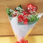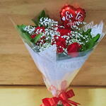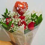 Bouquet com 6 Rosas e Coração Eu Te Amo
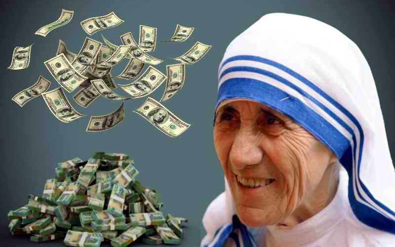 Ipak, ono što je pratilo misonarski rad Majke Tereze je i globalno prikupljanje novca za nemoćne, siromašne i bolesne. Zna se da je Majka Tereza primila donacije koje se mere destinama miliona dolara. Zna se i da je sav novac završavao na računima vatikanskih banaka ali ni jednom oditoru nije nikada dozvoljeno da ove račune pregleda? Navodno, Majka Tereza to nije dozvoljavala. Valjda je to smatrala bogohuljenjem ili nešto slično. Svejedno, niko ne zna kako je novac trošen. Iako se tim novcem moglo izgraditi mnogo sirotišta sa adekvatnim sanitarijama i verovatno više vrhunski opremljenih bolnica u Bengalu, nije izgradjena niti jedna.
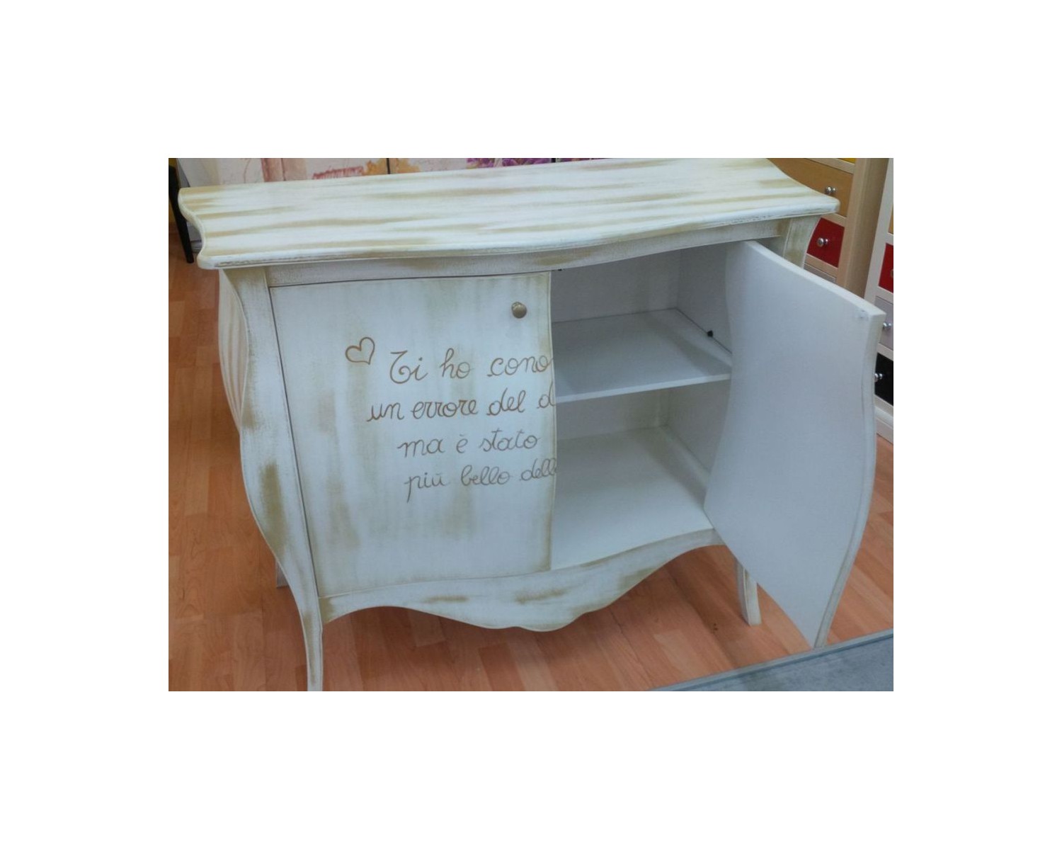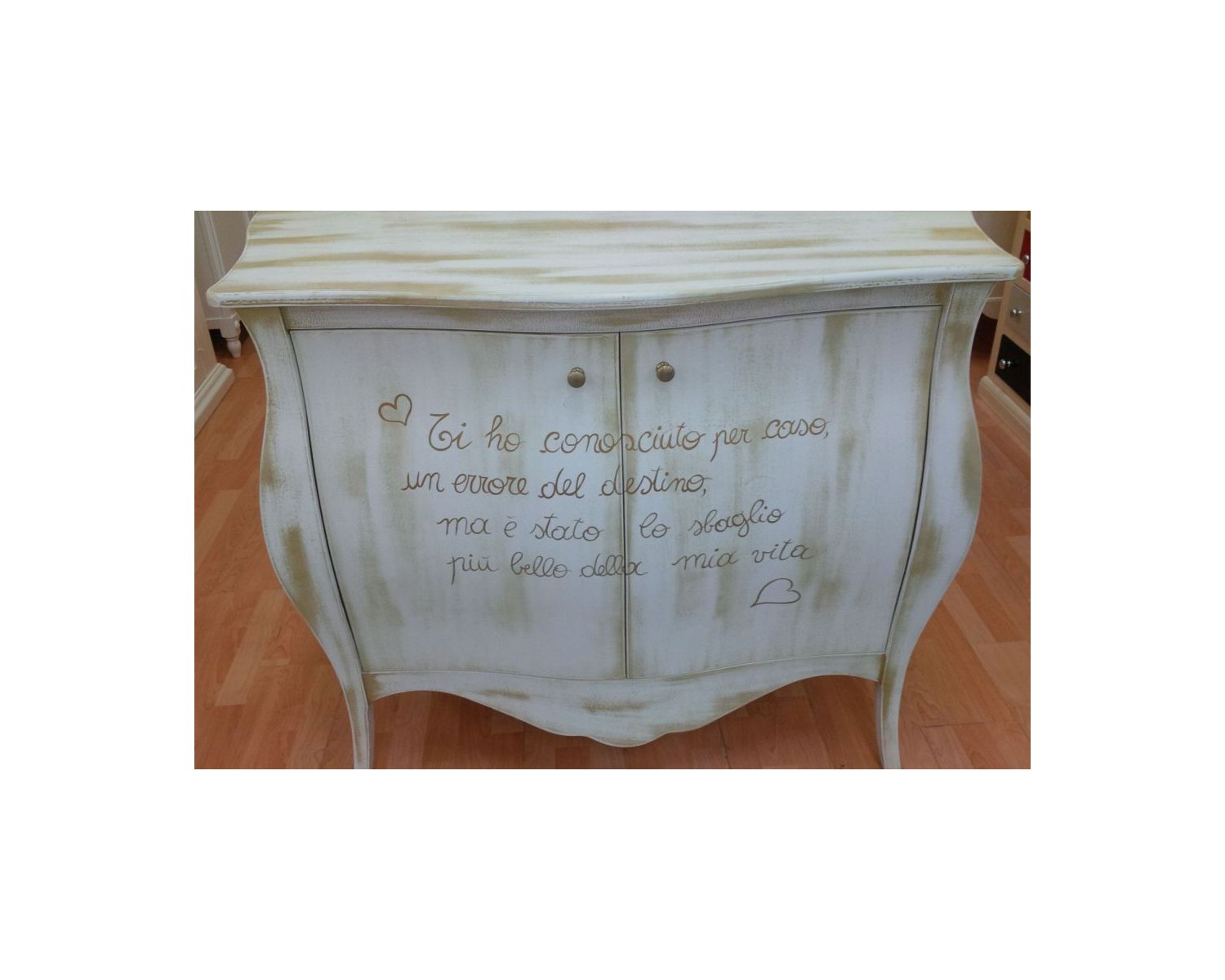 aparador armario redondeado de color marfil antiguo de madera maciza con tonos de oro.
* * *
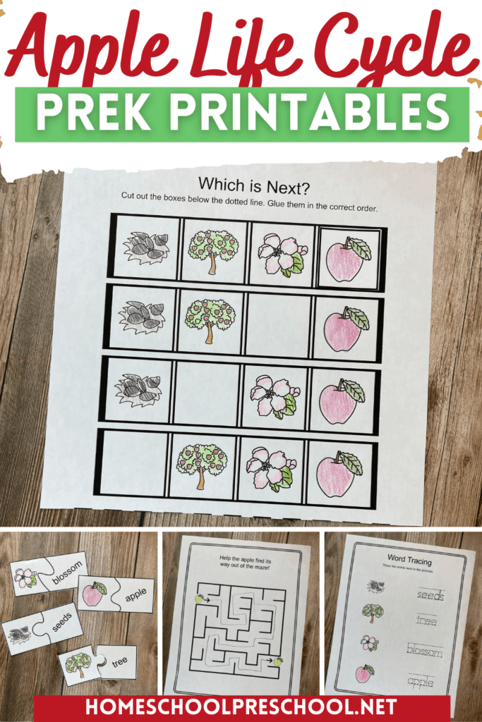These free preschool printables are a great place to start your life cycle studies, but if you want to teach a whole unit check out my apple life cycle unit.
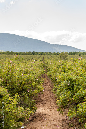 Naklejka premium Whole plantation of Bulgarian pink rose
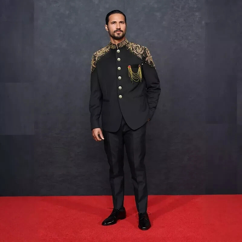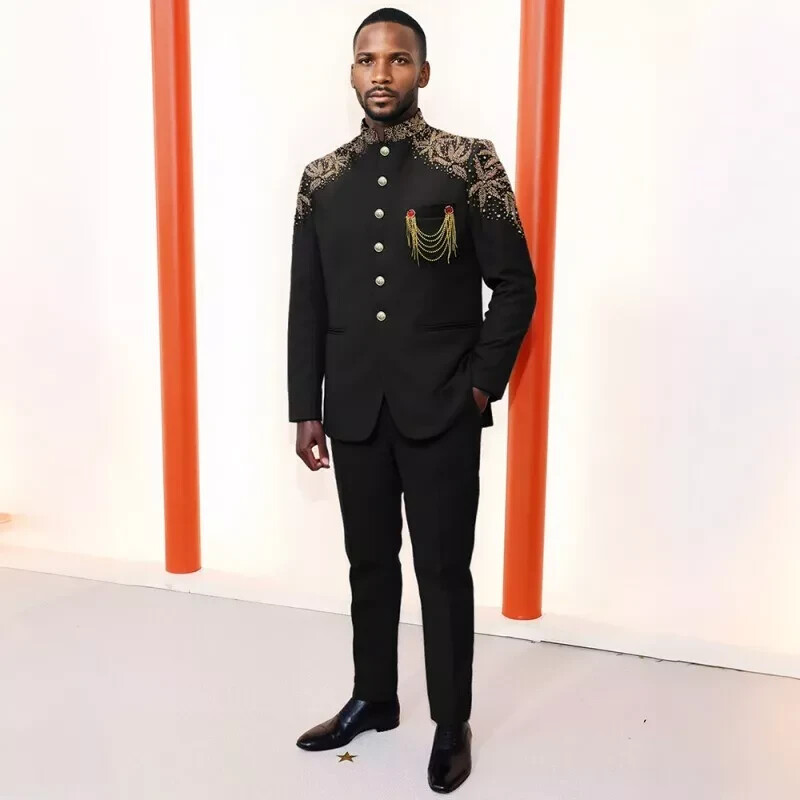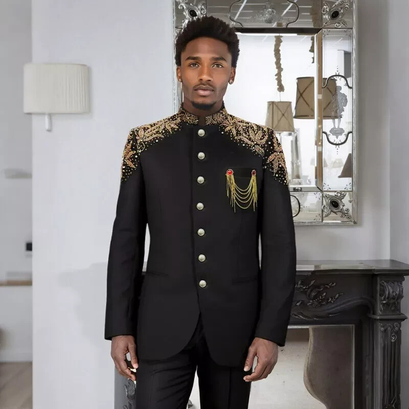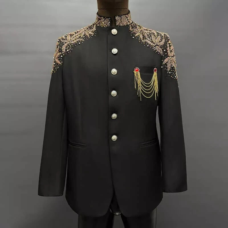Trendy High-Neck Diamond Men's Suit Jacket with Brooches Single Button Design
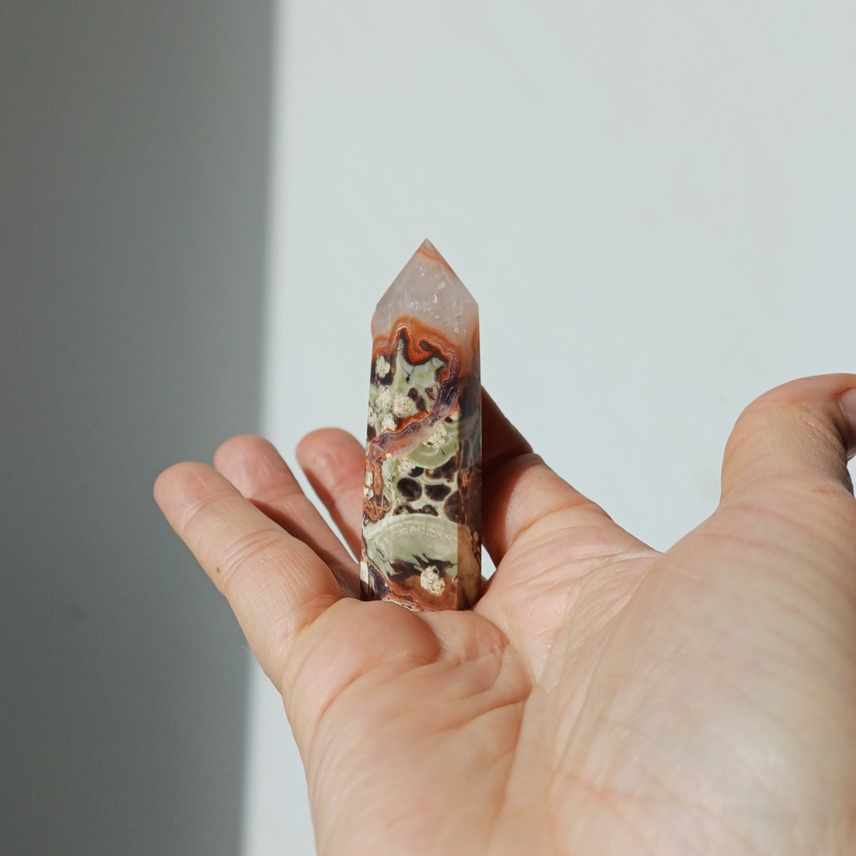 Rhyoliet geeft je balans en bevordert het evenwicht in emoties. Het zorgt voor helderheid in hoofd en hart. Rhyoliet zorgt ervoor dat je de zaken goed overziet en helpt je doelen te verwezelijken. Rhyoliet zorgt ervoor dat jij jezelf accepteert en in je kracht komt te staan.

* **Your objective**
Give back the exact lines above, running from the one that has "These free preschool" through the one that has "Rhyoliet geeft je", with nothing added and no pictures.

* **Response area**
These free preschool printables are a great place to start your life cycle studies, but if you want to teach a whole unit check out my apple life cycle unit.
 Naklejka premium Whole plantation of Bulgarian pink rose
Trendy High-Neck Diamond Men's Suit Jacket with Brooches Single Button Design
 Rhyoliet geeft je balans en bevordert het evenwicht in emoties. Het zorgt voor helderheid in hoofd en hart. Rhyoliet zorgt ervoor dat je de zaken goed overziet en helpt je doelen te verwezelijken. Rhyoliet zorgt ervoor dat jij jezelf accepteert en in je kracht komt te staan.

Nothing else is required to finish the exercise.